Key applications include classification tasks where log probs enable custom confidence thresholds, retrieval Q&A systems that use confidence scores to reduce hallucinations, autocomplete suggestions based on token likelihood, and perplexity calculations for comparing model performance across prompts. Log probs also provide token-level analysis capabilities, allowing developers to examine alternative tokens the model considered.
Logprobs are not cached. For a request requiring prompt logprobs, the system will ignore the prefix cache and recompute the prefill of full prompt to generate the logprobs. This presents an obvious performance tradeoff when using logprobs.
Log probability support varies by API format:
BedrockCompletion - Output tokens only
OpenAICompletion - Prompt and output tokens
OpenAIChatCompletion - Prompt and output tokens
- BedrockCompletion
-
BedrockCompletion only supports output token logprobs. This will return top 1 logprob for each output token.
payload = {
"prompt": "How is the rainbow formed?",
"max_gen_len": 10,
"temperature": 0.5,
"return_logprobs": True
}
response = client.invoke_model(
modelId='your-model-arn',
body=json.dumps(payload),
accept='application/json',
contentType='application/json'
)
response_body = json.loads(response['body'].read())
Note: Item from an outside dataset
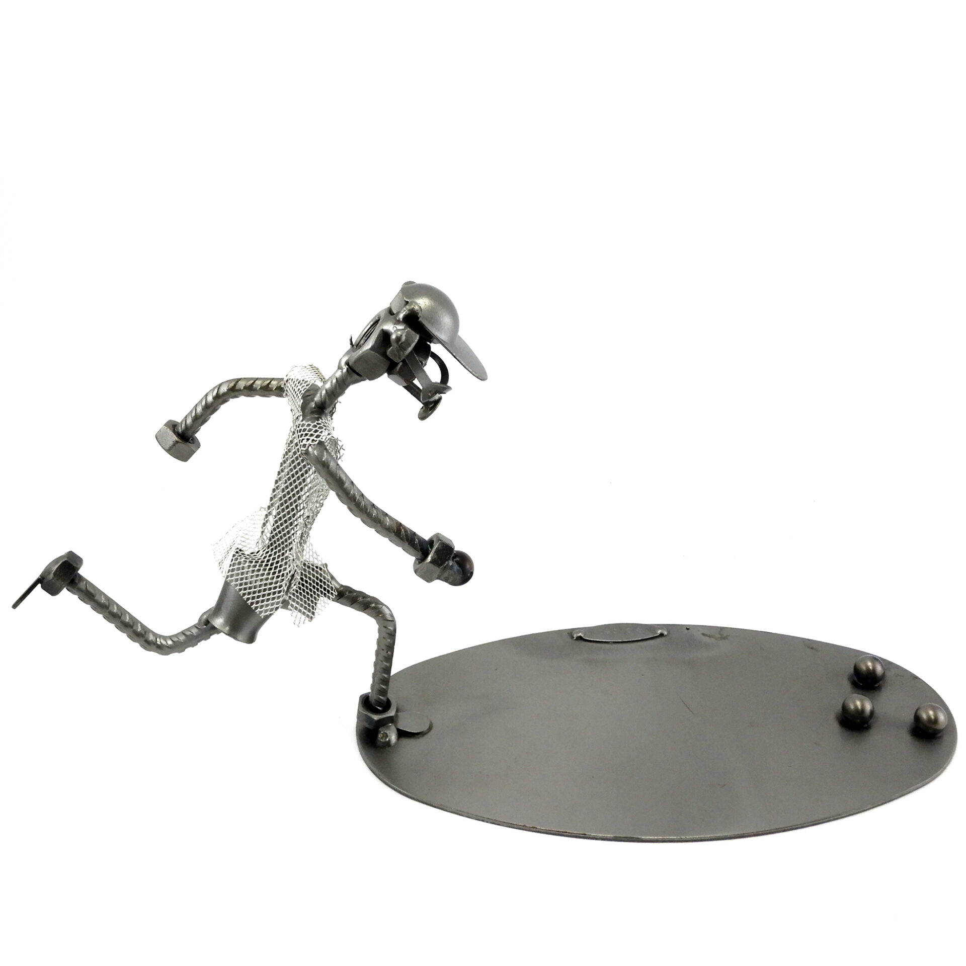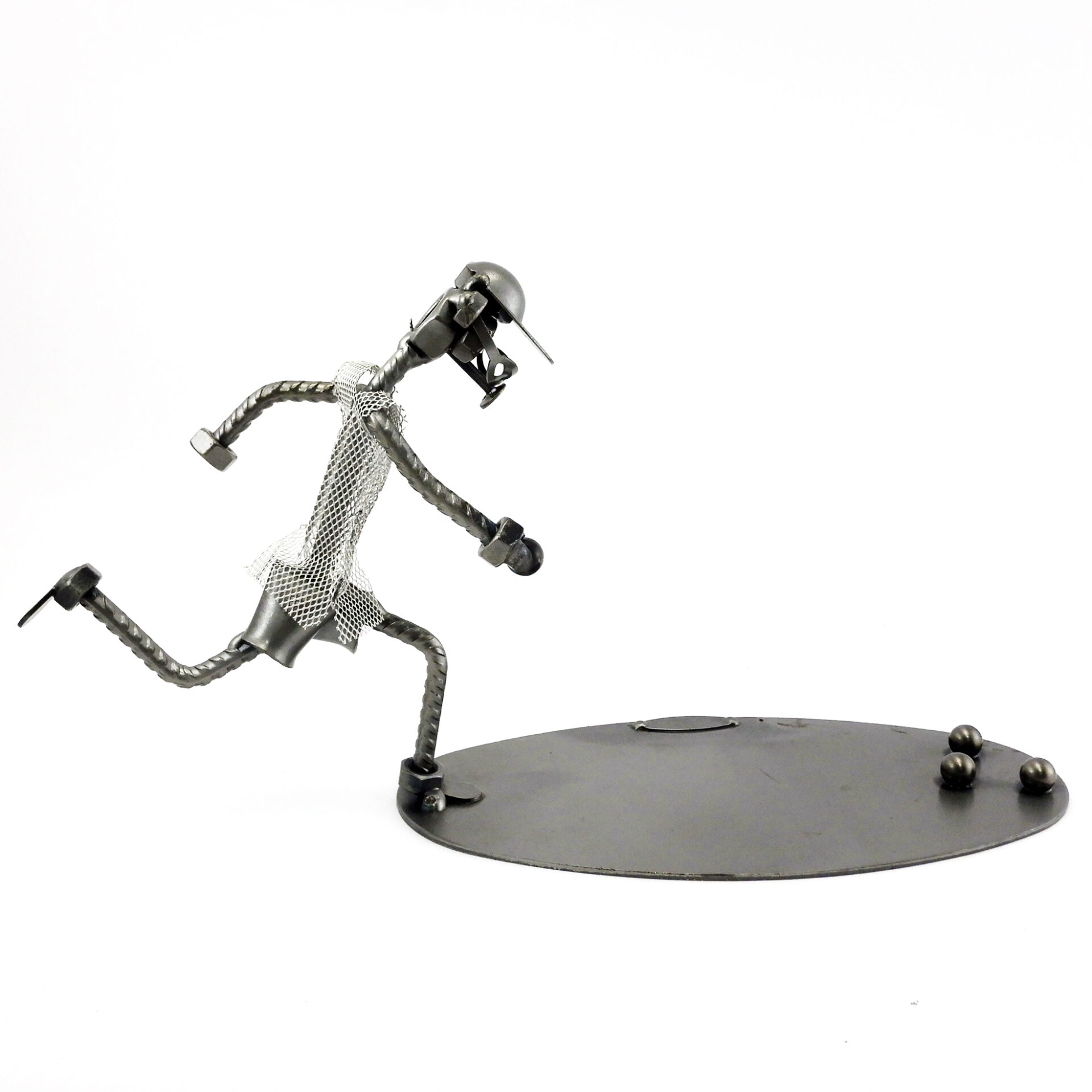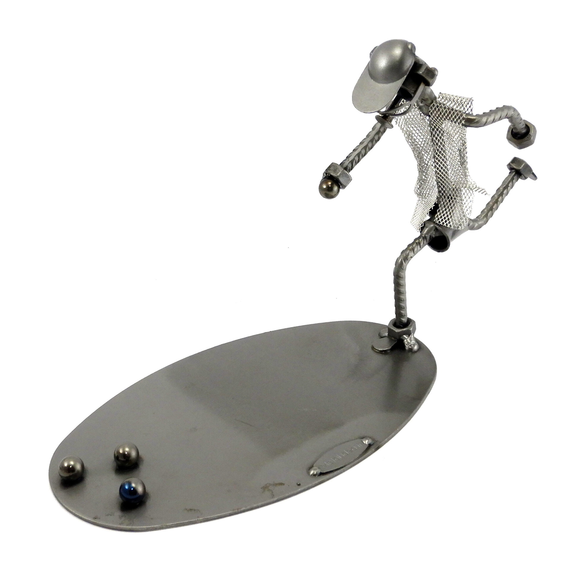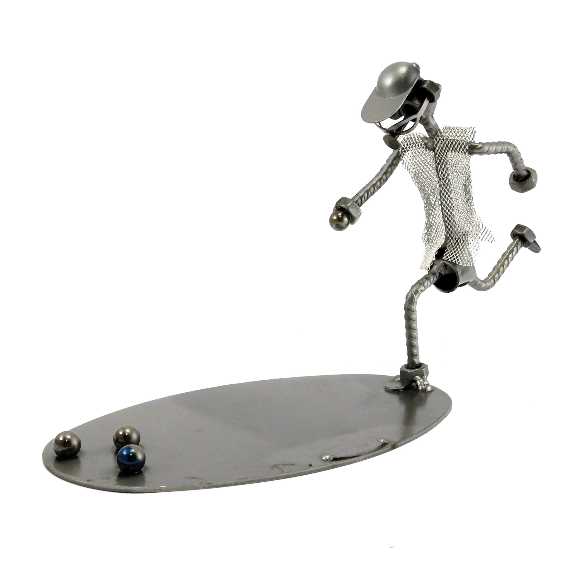 SCULTURA IN METALLO ARTIGIANALE RAFFIGURANTE UN BOCCIOFILO GIOCATORE DI BOCCE

Example response (truncated):
{
"generation": " A rainbow is formed when sunlight passes through water dro",
"prompt_token_count": 7,
"generation_token_count": 10,
"stop_reason": "length",
"logprobs": [
{
"362": -2.1413702964782715
},
{
"48713": -0.8180374503135681
},
{
"374": -0.09657637774944305
},
...
]
}
- OpenAIChatCompletion
-
OpenAIChatCompletion supports both prompt and output token logprobs. You can set top_logprobs=N and prompt_logprobs=N where N is an integer representing log probabilities for the N most likely tokens at each position.
payload = {
"messages": [
{
"role": "user",
"content": "How is the rainbow formed?"
}
],
"max_tokens": 10,
"temperature": 0.5,
"logprobs": True,
"top_logprobs": 1,
"prompt_logprobs": 1
}
response = client.invoke_model(
modelId='your-model-arn',
body=json.dumps(payload),
accept='application/json',
contentType='application/json'
)
response_body = json.loads(response['body'].read())
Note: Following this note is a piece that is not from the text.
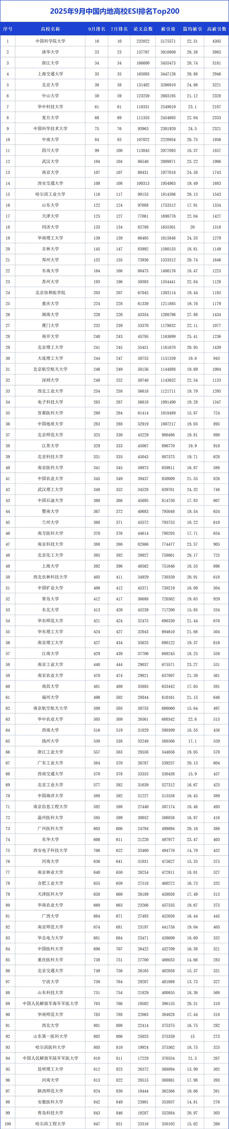 9月11日,科睿唯安(Clarivate Analytics)公布了2025年9月的ESI最新數據。從統計數據來看,本期(2025年9月)TOP200高校ESI綜合排名相比上一期(2025年7月)略有進步。

Example response (truncated):
{
"id": "chatcmpl-xxx",
"object": "chat.completion",
"choices": [
{
"index": 0,
"message": {
"role": "assistant",
"content": "A rainbow is formed..."
},
"logprobs": {
"content": [
{
"token": "A",
"logprob": -0.07903262227773666,
"bytes": [65],
"top_logprobs": [
{
"token": "A",
"logprob": -0.07903262227773666,
"bytes": [65]
}
]
},
{
"token": " rainbow",
"logprob": -0.20187227427959442,
"bytes": [32, 114, 97, 105, 110, 98, 111, 119],
"top_logprobs": [...]
},
...
]
},
"finish_reason": "length"
}
],
"usage": {
"prompt_tokens": 41,
"completion_tokens": 10,
"total_tokens": 51
}
}